> **TASK TO CARRY OUT**: Verbatim copy without images: return all of the data as it stands.
====== SUPPLIED MATERIAL ======
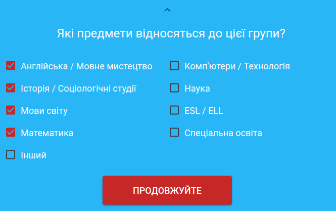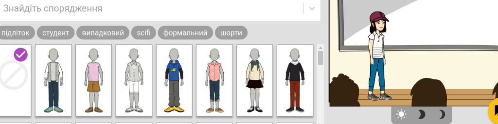 Починаючи роботу, вам потрібно обрати для якого класу та дисципліни ви плануєте створювати комікси. Можливо обрати відразу декілька. Просто натисніть на відповідні місця на інтерактивній дошці.
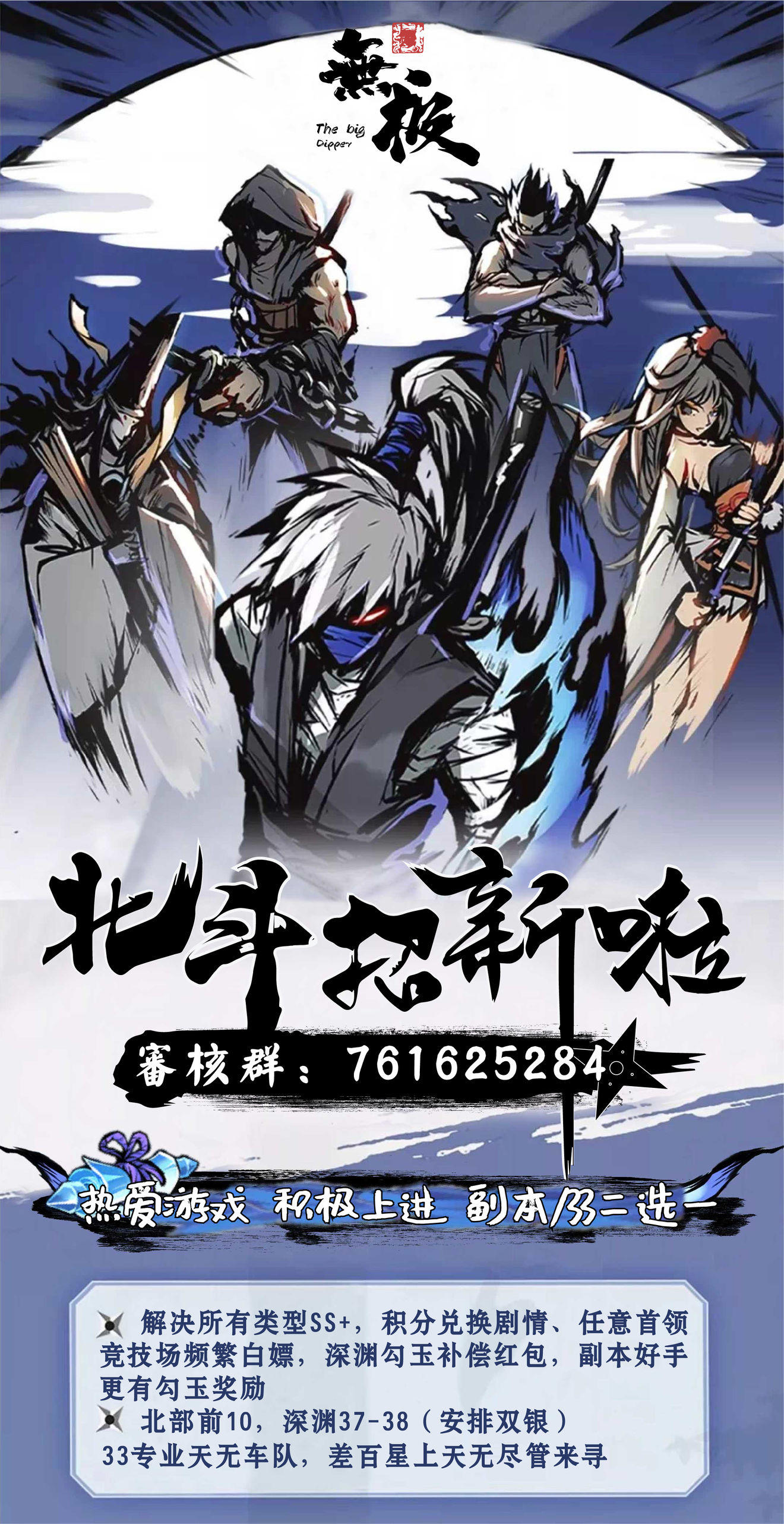 北斗☫无极 招人帖 可带双银、任意首领、任意竞技场(0202年1月招人帖)
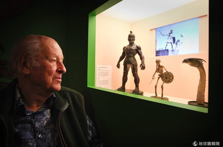 為了感念他在電影工業上的貢獻,英國的倫敦電影博物館(The London Film Museum)也展出了他的作品。照片中就是他當年在《諸神之戰》電影中用到的拍攝道具。Peter Macdiarmid/Getty Images
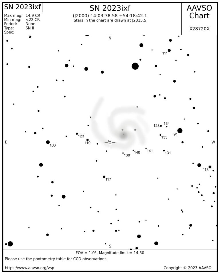 In der Spiralgalaxie M 101 im Sternbild Großer Bär ist eine helle Supernova aufgetaucht. Aufgrund der enormen Distanz zu dieser Galaxie ist sie dennoch nur 11hell. Eine solch "helle" Supernova taucht allerdings nur alle 5-10 Jahre auf. AVKa-Schnellmitteilung Nr. 110.
======
> **SOLUTION FOR THIS EXERCISE**:
 Починаючи роботу, вам потрібно обрати для якого класу та дисципліни ви плануєте створювати комікси. Можливо обрати відразу декілька. Просто натисніть на відповідні місця на інтерактивній дошці.
 北斗☫无极 招人帖 可带双银、任意首领、任意竞技场(0202年1月招人帖)
 為了感念他在電影工業上的貢獻,英國的倫敦電影博物館(The London Film Museum)也展出了他的作品。照片中就是他當年在《諸神之戰》電影中用到的拍攝道具。Peter Macdiarmid/Getty Images
 In der Spiralgalaxie M 101 im Sternbild Großer Bär ist eine helle Supernova aufgetaucht. Aufgrund der enormen Distanz zu dieser Galaxie ist sie dennoch nur 11hell. Eine solch "helle" Supernova taucht allerdings nur alle 5-10 Jahre auf. AVKa-Schnellmitteilung Nr. 110.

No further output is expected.